一.简介
Watchdog,从中文字面意思来看是“看门狗”,有看护之意。最早引入Watchdog是在单片机系统中,由于单片机的工作环境容易受到外界磁场的干扰,导致程序“跑飞”造成整个系统无法正常工作,因此引入了一个“看门狗”,对单片机的运行状态进行实时监测,针对运行故障做一些保护处理,譬如让系统重启。这种Watchdog属于硬件层面,必须有硬件电路的支持。
Linux系统也引入了Watchdog,在Linux内核下,当Watchdog启动后,便设定了一个定时器,如果在超时时间内没有对/dev/Watchdog进行写操作,则会导致系统重启。通过定时器实现的Watchdog属于软件层面。
在Android系统中,也设计了一个软件层面Watchdog,用于保护一些重要的系统服务,比如:AMS、WMS、PMS等,由于以上核心服务运行在system_server进程里面,所以当以上服务出现异常时,通常会将system_server进程kill掉,即让Android系统重启,由于Watchdog机制的存在,平时会出现一些system_server进程被Watchdog杀掉而发生Android系统重启的现象。
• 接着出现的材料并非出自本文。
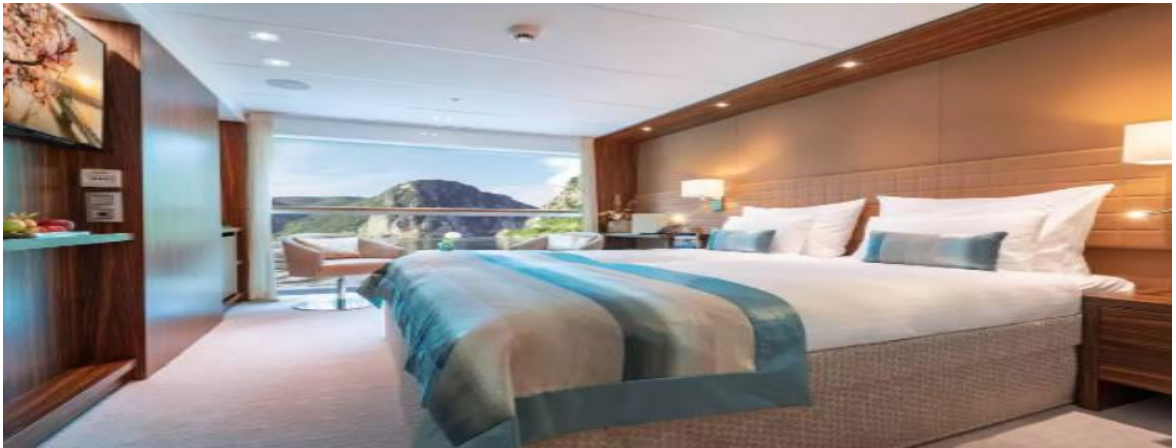
Panoramik Pencere Dış Kabin - Alt Kat (16 m 2 )

前面简单介绍了Watchdog,那在Android系统中,它是如何工作的,如何对系统服务进行检测的?本文基于Andorid 8.1来对Watchdog源码及工作机制进行分析。
二.Watchdog注册及启动
a.注册
通过framework源码可以发现,在AMS、WMS的构造方法内部,会进行相应Watchdog检测类型的注册:
1.Monitor注册
注册监听方式如下:
Watchdog.getInstance().addMonitor(this);
回调方法如下:
public void monitor() {
synchronized (this) { }
}
用来检测不能长时间持有核心系统服务的对象锁,否则会阻塞很多函数的运行;
2.Handler注册
注册监听方式如下:
Watchdog.getInstance().addThread(mHandler);
用来检测是否存在长时间霸占的消息,否则其他消息将得不到处理;
以上两类都会导致系统卡住(System Not Responding),后面会进行分析。
b.启动
Watchdog本身是一个Thread,在启动前需要完成注册,否则会报异常[后面分析Watchdog源码会讲到],那么Watchdog是在什么地方启动的呢?
熟悉framework的同学应该清楚,有一个进程叫system_server,Android系统所有的核心服务都运行在该进程中,如果该进程出现异常,那么Android系统就会重启;Watchdog就是在system_server进程启动的,一起看一下:
try {
traceBeginAndSlog("StartServices");
startBootstrapServices();
startCoreServices();
startOtherServices();
SystemServerInitThreadPool.shutdown();
}
system_server进程在启动时,会启动系统核心服务,具体调用逻辑如上,在startOtherServices()内部会启动Wathdog,简单看一下代码:
private void startOtherServices() {
........
........
traceBeginAndSlog("StartWatchdog");
Watchdog.getInstance().start();
traceEnd();
........
........
}
等所有的核心系统服务启动完成后,才执行的Watchdog.getInstance().start(),跟前面讲到的是保持一致的,接下来通过源码对Watchdog工作机制进行分析;
三.Watchdog机制源码分析
Watchdog的源码位于frameworks/base/services/core/java/com/android/server/Watchdog.java,根据前面讲到,Watchdog本身是一个Thread,一起看一下:
a.初始化
public class Watchdog extends Thread {
........
final ArrayList<HandlerChecker> mHandlerCheckers = new ArrayList<>();
final HandlerChecker mMonitorChecker
.......
.......
private Watchdog() {
super("watchdog");
// The shared foreground thread is the main checker. It is where we
// will also dispatch monitor checks and do other work.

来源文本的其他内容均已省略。